Pleases stop using Excel-like formats to exchange data

(This article was first published on Win-Vector Blog » R, and kindly contributed to R-bloggers)

I know “officially” data scientists all always work in “big data” environments with data in a remote database, streaming store or key-value system. But in day to day work Excel files and Excel export files get used a lot and cause a disproportionate amount of pain.

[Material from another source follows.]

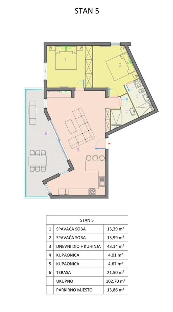 Es besteht aus: zwei Schlafzimmern, Wohnzimmer + Küche + Esszimmer, Badezimmer und Terrasse.

I would like to make a plea to my fellow data scientists to stop using Excel-like formats for informal data exchange and become much stricter in producing and insisting on truly open machine readable files. Open files are those in an open format (not proprietary like Microsoft Excel) and machine readable in this case means readable by a very simple program (preferring simple escaping strategies to complicated quoting strategies). A lot of commonly preferred formats surprisingly do not meet these conditions: for example Microsoft Excel, XML and quoted CSV all fail the test. A few formats that do meet these conditions: SQL dumps, JSON and what I call “strong TSV.” I will illustrate some of the difficulty in using ad-hoc formats in R and suggest work-arounds.One thing nobody admits to is: Excel data is hard to read reliably into R. Admitting this means admitting there is something Excel is better at than R is (even if it is just reading its own data). Cran suggests several methods to read data into R, but most of them fail on non-trivial (but not even large) data. For example cran suggests:

Methods that depend on connecting to a Windows service in a 32 bit environment (like RODBC).
The xlsx package which even when you add more memory to the required Java dependency (.jinit(parameters="-Xmx6G")) runs out of memory parsing a 44 megabyte file.
The gdata package which uses Perl for the Excel parsing.
The XLConnect package which seems to not install on R2.15.0
The Omegahat package RExcelXML (not part of cran).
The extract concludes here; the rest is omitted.